*PROBLEM DETAILS*
Please transcribe the data below in full, word for word, without the images.

*INFORMATION SHOWN*

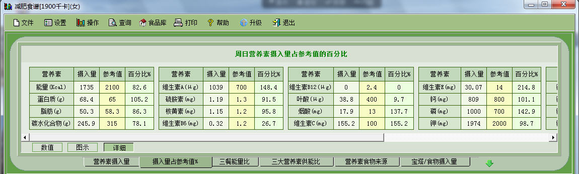 在显示区有六个显示标签:营养素摄入量、摄入量占参考值%、三餐能量比、三大营养素供能比、营养素食物来源、宝塔/食物摄入量,下图:
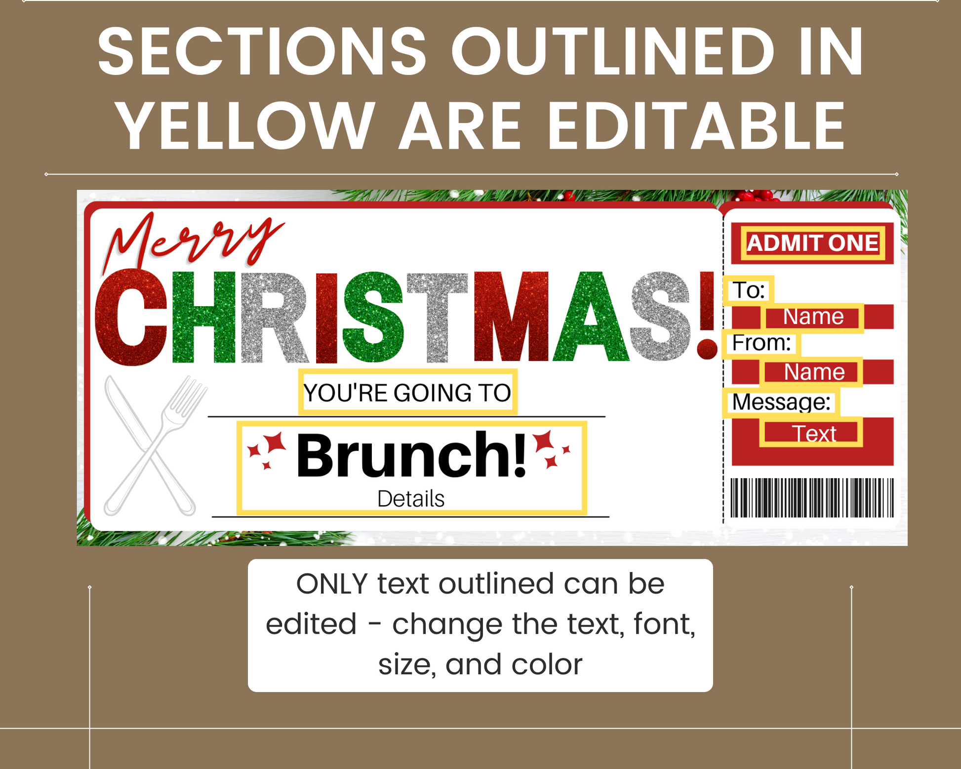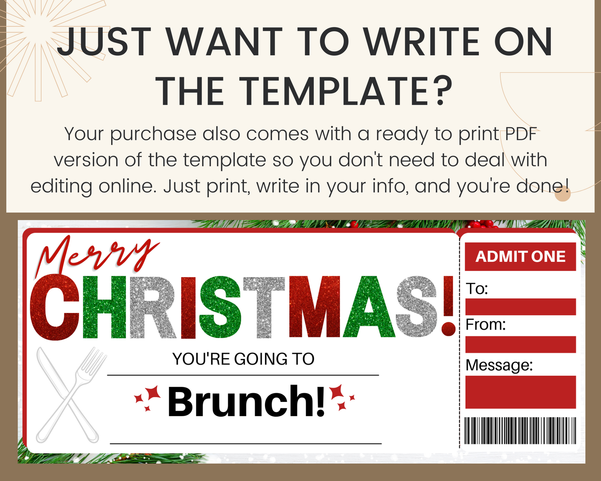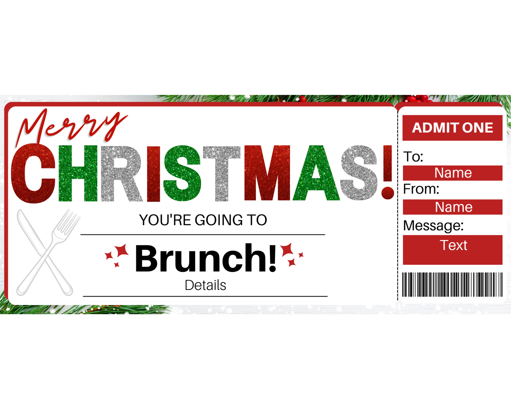 Christmas brunch gift certificate template. The perfect way to surprise someone with brunch reservations for Christmas!
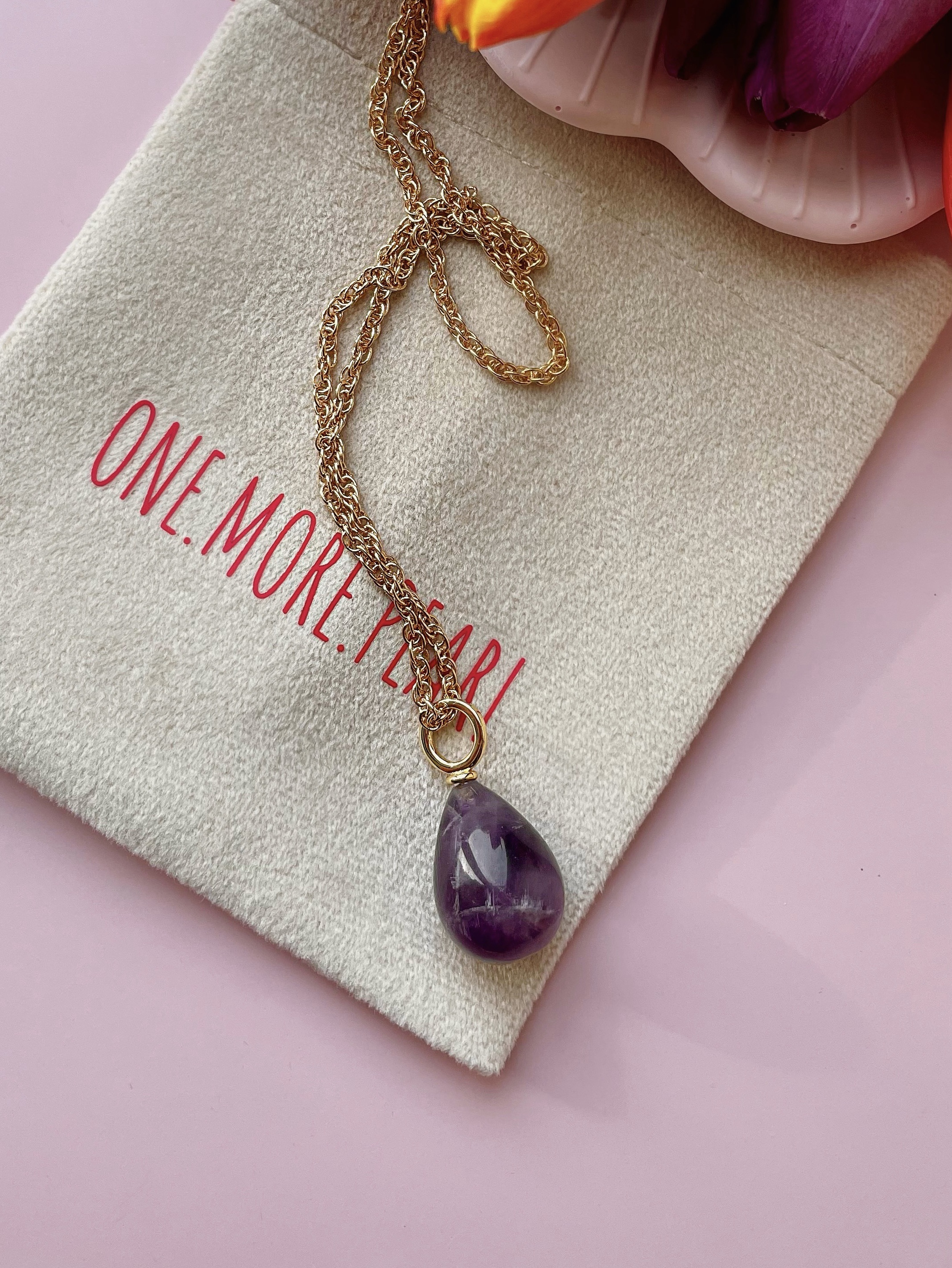 Цепочка с подвеской из натурального аметиста, форма капля, размер 2 см

*EXERCISE RESULT*
 在显示区有六个显示标签:营养素摄入量、摄入量占参考值%、三餐能量比、三大营养素供能比、营养素食物来源、宝塔/食物摄入量,下图:
 Christmas brunch gift certificate template. The perfect way to surprise someone with brunch reservations for Christmas!
 Цепочка с подвеской из натурального аметиста, форма капля, размер 2 см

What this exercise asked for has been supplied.